Par la résolution du Parlement européen, il est demandé au Kosovo et à la Serbie d'agir en vue d'atténuer les tensions, de s'abstenir de toute rhétorique ou action susceptible d'accroître les tensions et de clarifier tous les faits concernant l'attaque contre Banjska.
“Nous invitons l'UE à soutenir les enquêtes menées par les autorités kosovares, notamment avec le soutien de [la Commission de l'UE au Kosovo pour Windim of Law] EULEX, soulignant l'importance que les dirigeants de ces attaques soient tenus responsables et confrontés sans délai à la justice.

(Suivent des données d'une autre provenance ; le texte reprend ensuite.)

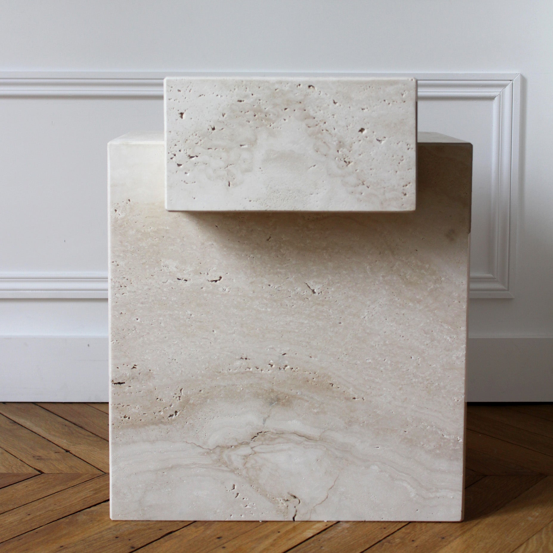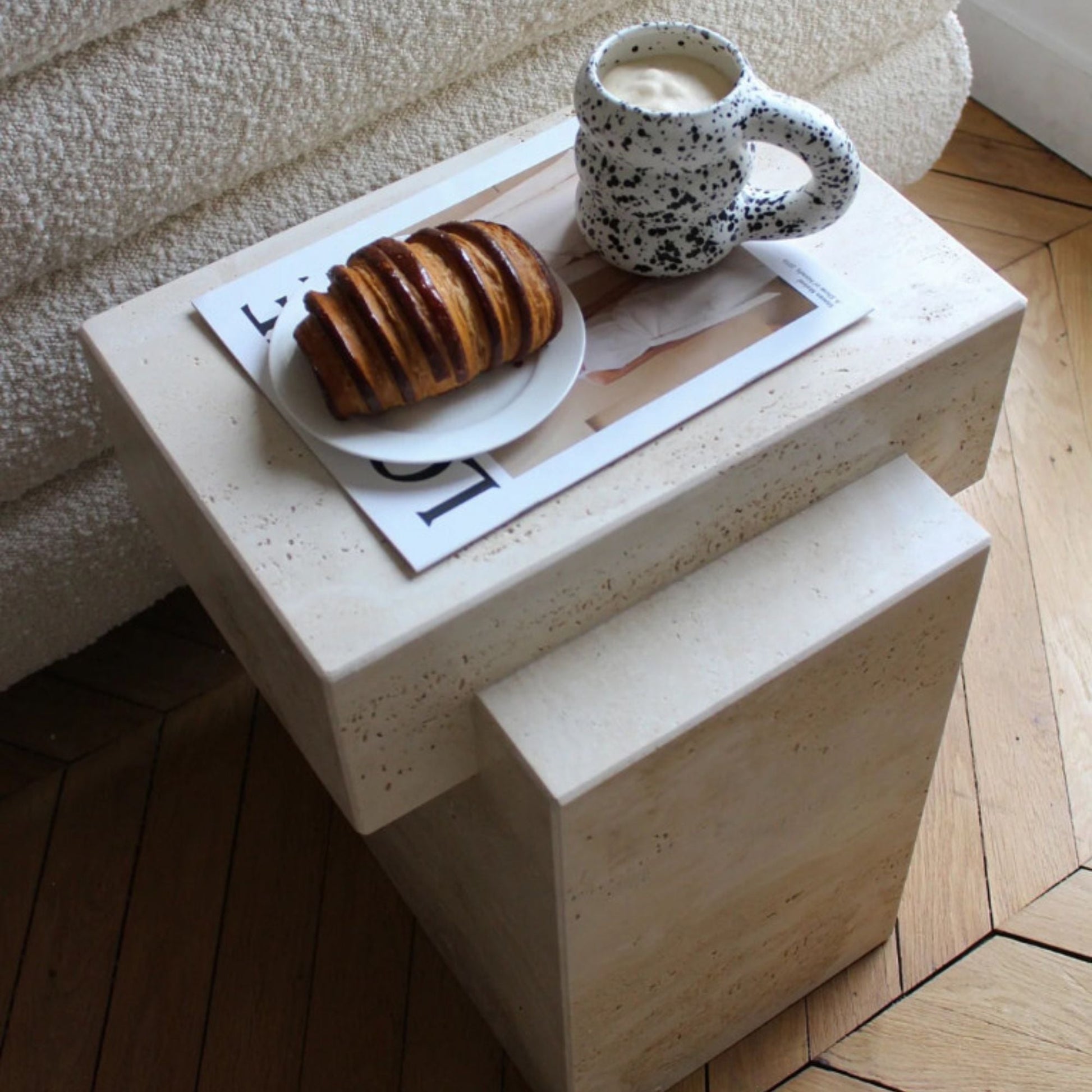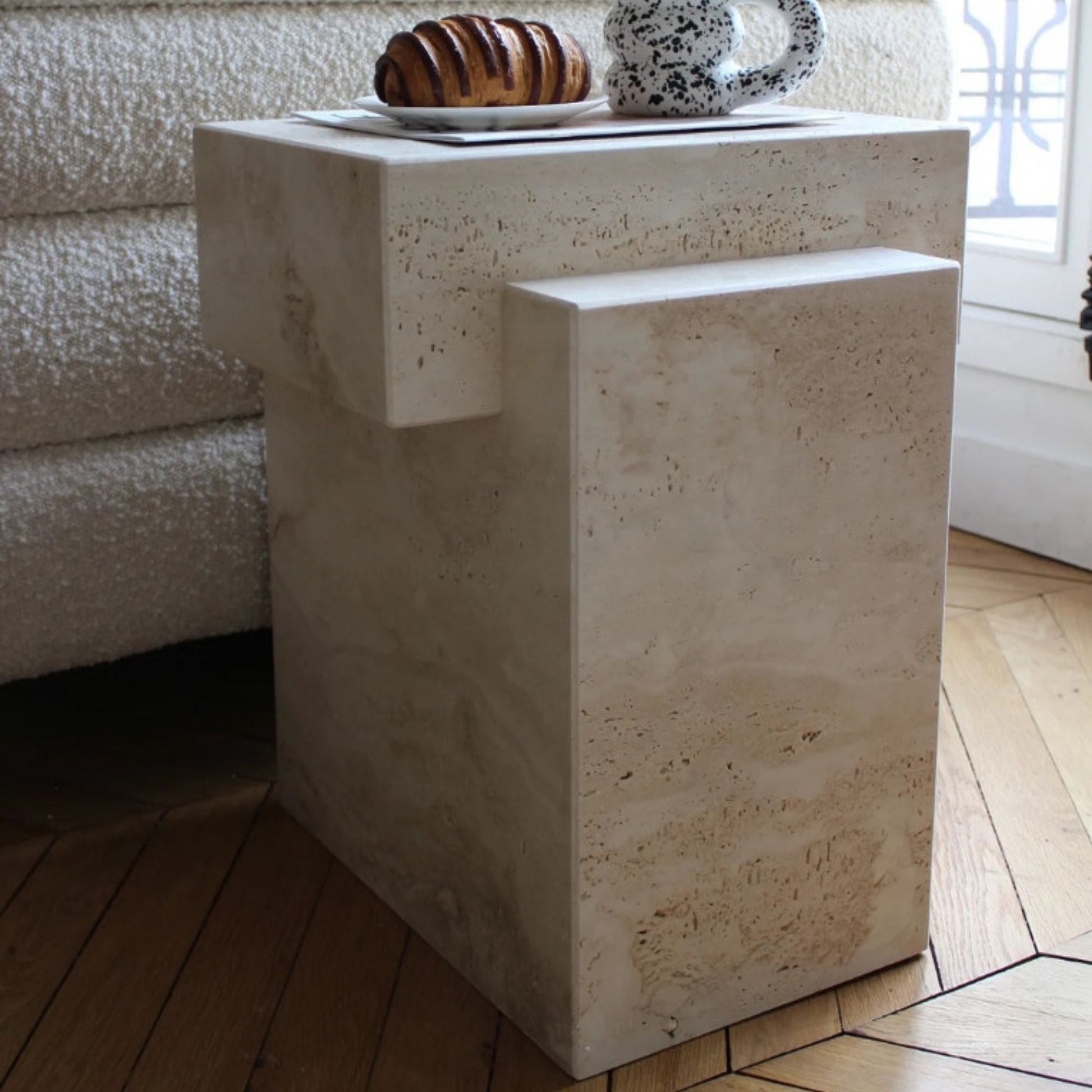 The Gaia table is characterized by its massive side which is representative of the idea we have of the stone. This model respects perfectly the purity and simplicity of the materials used. Its minimalist and timeless design will add an aesthetic aspect to your interior. straight lines, cubic and rectangular shapes, this piece is a true work of art. This table can be used as a bedside table, side table, or decorative object.

Les autorités du Kosovo sont invitées à présenter tous les éléments de preuve concernant l'incident, la Serbie est tenue de coopérer pleinement avec les enquêtes et de traduire en justice les personnes responsables en Serbie, conformément à la loi, y compris l'extradition vers le Kosovo”, le texte du projet de résolution diffuse Radio Free Europe.
Le texte de la résolution invite également la Commission européenne et le Conseil à prendre des mesures à l'encontre du gouvernement serbe si les enquêtes témoignent de liens directs entre l'État serbe et l'attaque de Banjska, ou si les autorités serbes ne feront pas preuve d'une entière coopération dans le processus d'enquête.

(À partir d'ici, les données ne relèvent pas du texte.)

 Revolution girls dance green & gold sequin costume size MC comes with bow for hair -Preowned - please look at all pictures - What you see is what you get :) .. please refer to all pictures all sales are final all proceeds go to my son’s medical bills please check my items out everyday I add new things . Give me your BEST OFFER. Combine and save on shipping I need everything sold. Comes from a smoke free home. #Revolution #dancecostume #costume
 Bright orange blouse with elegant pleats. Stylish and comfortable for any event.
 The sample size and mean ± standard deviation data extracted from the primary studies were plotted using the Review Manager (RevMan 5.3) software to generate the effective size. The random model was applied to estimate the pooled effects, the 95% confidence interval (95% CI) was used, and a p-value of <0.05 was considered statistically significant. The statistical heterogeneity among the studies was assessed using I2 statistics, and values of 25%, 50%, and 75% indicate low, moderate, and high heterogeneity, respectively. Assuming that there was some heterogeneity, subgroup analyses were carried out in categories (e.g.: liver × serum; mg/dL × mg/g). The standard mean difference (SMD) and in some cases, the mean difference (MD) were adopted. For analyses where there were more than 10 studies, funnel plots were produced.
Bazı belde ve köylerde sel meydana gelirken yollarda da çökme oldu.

Il est prévu que le Conseil adopte des mesures ciblées en matière de stocks, y compris le gel des biens, qui ne soit même pas limité, et empêche les déplacements des acteurs déstabilisateurs du nord du Kosovo et des dirigeants des principaux réseaux de lutte contre la criminalité organisée. Dans ce contexte, nous invitons le Conseil à suivre l'exemple des États-Unis pour le déploiement de mesures ciblées contre Milan Radovici”, dit le texte.
Le PE, par le biais d'un projet de résolution, condamne également l'augmentation de la présence de l'armée serbe près de la frontière du Kosovo et exhorte la Serbie à s'abstenir de soutenir à l'avenir tout groupe terroriste dans le nord du Kosovo.

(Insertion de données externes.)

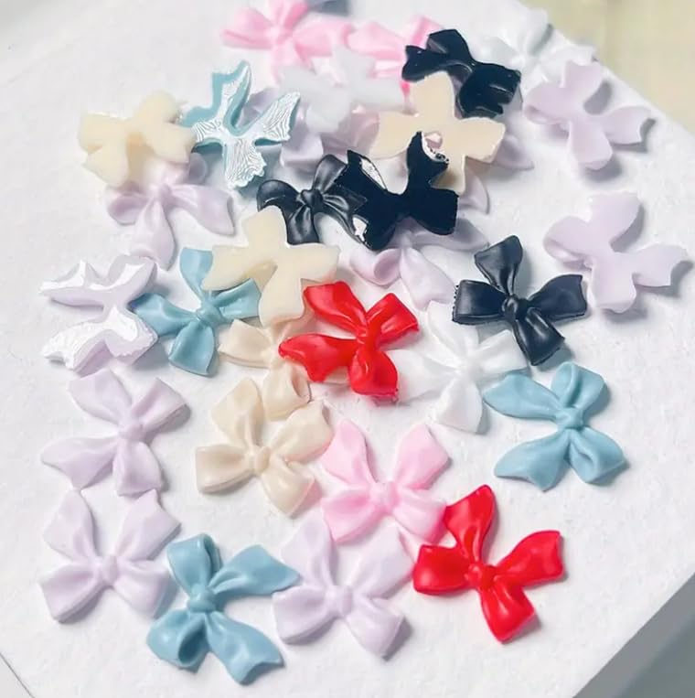 Generic - زينة وإكسسوارات أظافر، إكسسوارات تزيين الأظافر للبنات، إكسسوارات أظافر راتنج على شكل فيونكات، زينة أظافر للنساء، مستلزمات تزيين الأظافر (عبوة 50 قطعة)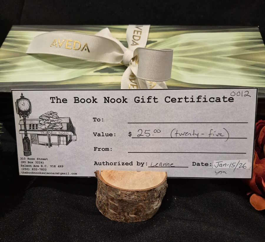 A $25.00 gift certificate from the Book Nook for your favorite stories & more, with an Aveda Tea Set & beauty samples. The Tea gift box includes a ceramic cup, loose-leaf mint/citrus tea, and a scoop spoon. Beauty care items are 25 ml hand repair cream, a sampler of botanical strengthening repair shampoo & conditioner and an Advanced Botanical Kinetics cleansing mouse sample. This is a perfect combo to curl up with a hot cuppa and a good story!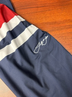 This item features our Amerisure brand on the collar and Joe Hooks' signature on the sleeve.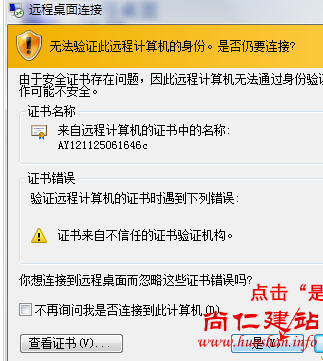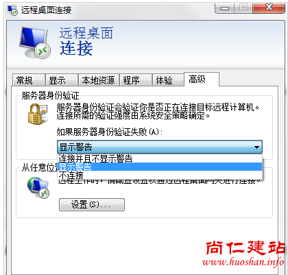 不连接:使用此选项,如果远程桌面连接无法验证远程计算机的身份,则无法建立连接。)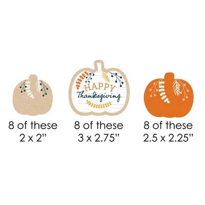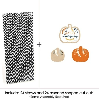 Happy Thanksgiving Straw Decor INCLUDES 24 pumpkin paper cut outs, 24 coordinating paper straws & 40 clear stickers for easy assembly. Happy Thanksgiving DIY party supplies are perfect for a fall harvest event. Pumpkin Straw Decor party kit SIZE 8 “Happy Thanksgiving” Pumpkin paper die cuts (3β x 2.75β), 8 Kraft Pumpkin paper die cuts (2β X 2β), 8 Orange Pumpkin paper die cuts (2.5β x 2.25β), and 24 chevron striped paper straws 7.75″ tall. EASY PARTY DECORATIONS: Happy Thanksgiving straw decor will add a touch of charm to your fall harvest tables. Happy Thanksgiving straw decor will also look great at your beverage bar. Use these adorable pumpkin party accessories as straws or swizzle sticks. The paper straws can also be cut in half and used as cupcake picks once the shaped cut out is attached. PREMIUM PARTY SUPPLIES: Happy Thanksgiving paper cut out straw decorations are professionally printed on heavy-duty card stock paper with a photo-like shine. They are individually inspected and carefully packaged by hand, along with coordinating paper straws. Pumpkin Straw Decor will require some easy assembly. Simply adhere the shaped cut outs to the straws using the included clear stickers. Get creative with your DIY fall harvest decoration ideas! Please Note: Mason Jars shown for display purposes and are not included.

Ce qui est également critiqué, c'est ce qui est décrit comme un langage publicitaire sévère utilisé en Serbie pour le Kosovo et les Albanais, qui, selon l'Eurodeputs, favorise les tensions.
“invite les autorités serbes et les médias à s'abstenir de parler de haine à l'égard du Kosovo et de répandre des mensonges sur le nettoyage ethnique ou le pongrom au Kosovo, pour lesquels il n'existe aucune preuve”, dit le projet de résolution.
Cette résolution invite également l'UE à jouer un rôle plus proactif dans le dialogue sur la normalisation des rapports, afin que le Kosovo et la Serbie puissent mettre en œuvre toutes les dispositions de l'accord en vue de la normalisation réalisé au début de l'année, car elle regrette la reprise de la campagne menée par la Serbie pour attirer la reconnaissance du Kosovo et les obstacles à l'adhésion du Kosovo aux organisations internationales. Le Kosovo doit avoir un dialogue avec les Serbes au Kosovo et organiser de nouvelles élections locales dès que possible dans le nord du pays.
À certains moments de cette résolution, il regrette le comportement des autorités serbes, sous la conduite du président Aleksandar Vuciq, qui, selon les eurodéputés, déstabilisent toute la région.
Par cette résolution, il est également nécessaire de supprimer les mesures punitives imposées par l'UE au Kosovo en raison des tensions dans le nord, qui ont commencé à la fin du mois de mai.